Etosha National Park
Racconto della visita all'Etosha, in Namibia, di Adriano Socchi - Inviato il 13 gennaio 2004 da Adriano Socchi.
Sito o fonte Web: www.adrimavi.com
Arriviamo all’ingresso del parco poco prima del calar del sole. I cancelli sono ancora aperti, ma i ranger c’impediscono l’entrata in quanto non avremmo il tempo materiale per giungere a Okaukuejo Camp prima della chiusura. Proviamo ad insistere, ma non c’è niente da fare. Se non avessimo prestato soccorso ad una famiglia rimasta senza benzina sulla strada per Outjo, probabilmente saremo riusciti a rispettare il nostro serrato programma di viaggio, ma poco importa. Abbiamo compiuto una buon’azione e scambiato qualche parola con la gente del posto. Dirigiamo allora al Naua Naua Lodge di cui avevamo visto la piccola insegna, ma prima di partire gli stessi ranger, che soltanto poco prima non si erano dimostrati troppo gentili e, tanto meno permissivi, attirano la nostra attenzione gridando "Slow! Slow!" e facendo al contempo ampie gesta con le braccia. Non ne capiamo subitola ragione. La strada è diritta, bene asfaltata, non c’è anima viva... Sarà, forse, perché è buio?

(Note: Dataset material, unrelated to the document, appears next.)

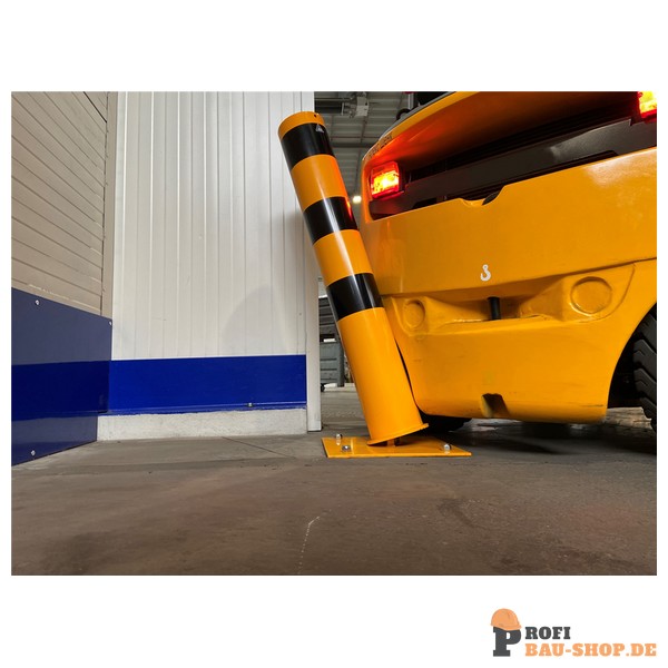 Stahlrohrpoller Ø 152 x 3,2 mm ortsfest, zum Aufdübeln mit aufgeschweißter Stahlkappe neigbar mit starker Zugfeder Dieser neigbare Stahlrohrpoller ist für hohe Anfahrbelastungen geeignet und stellt sich bei Entlastung automatisch in die Ausgangsposition zurück Das Signal bietet eine Hilfestellung bei engen Verkehrswegen mit dem Staplerverkehr, um vorbeugend keine Gegenstände zu beschädigen.

Infatti è buio pesto e non c’è neppure la luna. Sembra di essere su un sentiero di montagna in mezzo ai boschi, dove il sentiero è la strada e il bosco è la savana. Dopo un chilometro comprendiamo le raccomandazioni. La strada è piena zeppa di animali: antilopi, lepri e tante civette. Ecco perché bisogna guidare piano!
Le civette sono uno spettacolo. Abbagliate dai fari dell’auto restano impietrite in mezzo alla strada per alzarsi in volo solo all’ultimo momento per evitare d'essere schiacciate. Ne avremmo fatte spostare una trentina, e non esagero. Pregustiamo un po’ il sapore di un safari, per di più notturno. Io sono concentrato a non investire nessun animale, Mavi e Ilaria eccitate dall’insolito spettacolo, e manchiamo il cartello del lodge. Ritorniamo indietro, prestando maggiore attenzione. Alla reception non c’è nessuno. Il personale e i pochi ospiti sono tutti a cena e quando ci presentiamo nella sala siamo accolti con stupore.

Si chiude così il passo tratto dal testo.